Source data
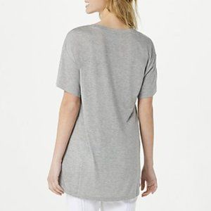 Features: V-neckline, short sleeves, dash embellishment above hem, heat seal logo inside back neckline
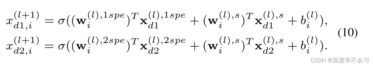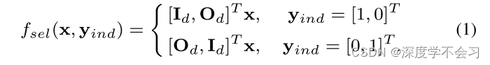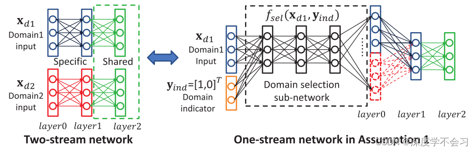 右边是单流网络,它可以有条件地等效于前向传播中的两个流,X其中有一个域选择子网络用于选择以下域特定结构。我们首先定义一些符号用于说X明。令Xd1 ∈ Rd和Xd2 ∈ Rd分别表示domain1和domain2的输入。我们将域指示符yind1定义为具有两个元素的向量,其值分别为 [1,0] T或 [0,1] T,表示域1或域2。令fsel(x,yind) 表示域选择子网络,实现以下功能:
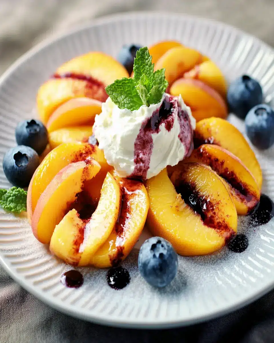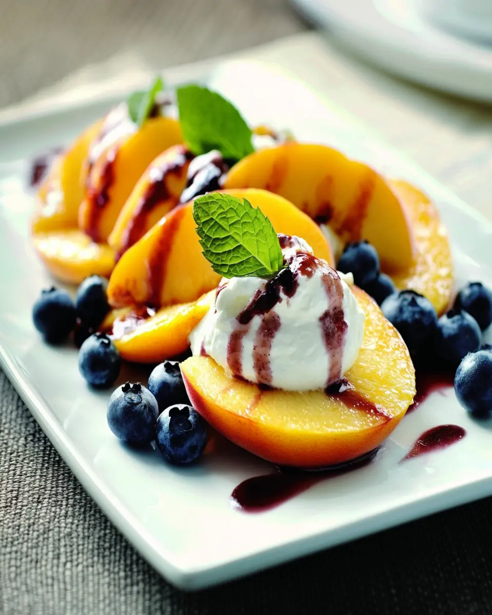 A delicious summer dessert featuring fresh peaches and blueberries topped with creamy mascarpone.
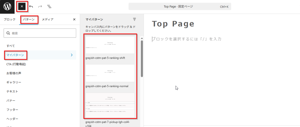 画面のとおりクリックしていくと先ほどインポートしたデータがマイパターンとして表示されますので、これを配置していくことがサイト型構成を作るという事です。
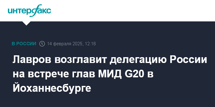 Лавров возглавит делегацию России на встрече глав МИД G20 в Йоханнесбурге
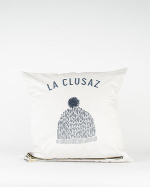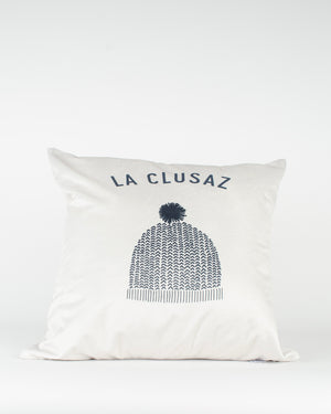 Coussin de la marque Podevache avec un écrit minimaliste et raffiné."La clusaz"

Work instruction
The lines from the one containing "画面のとおりクリックしていく" through the last line above are to be repeated exactly, and only those. Any pictures must be left out.

Answer section
 画面のとおりクリックしていくと先ほどインポートしたデータがマイパターンとして表示されますので、これを配置していくことがサイト型構成を作るという事です。
 Лавров возглавит делегацию России на встрече глав МИД G20 в Йоханнесбурге
 Coussin de la marque Podevache avec un écrit minimaliste et raffiné."La clusaz"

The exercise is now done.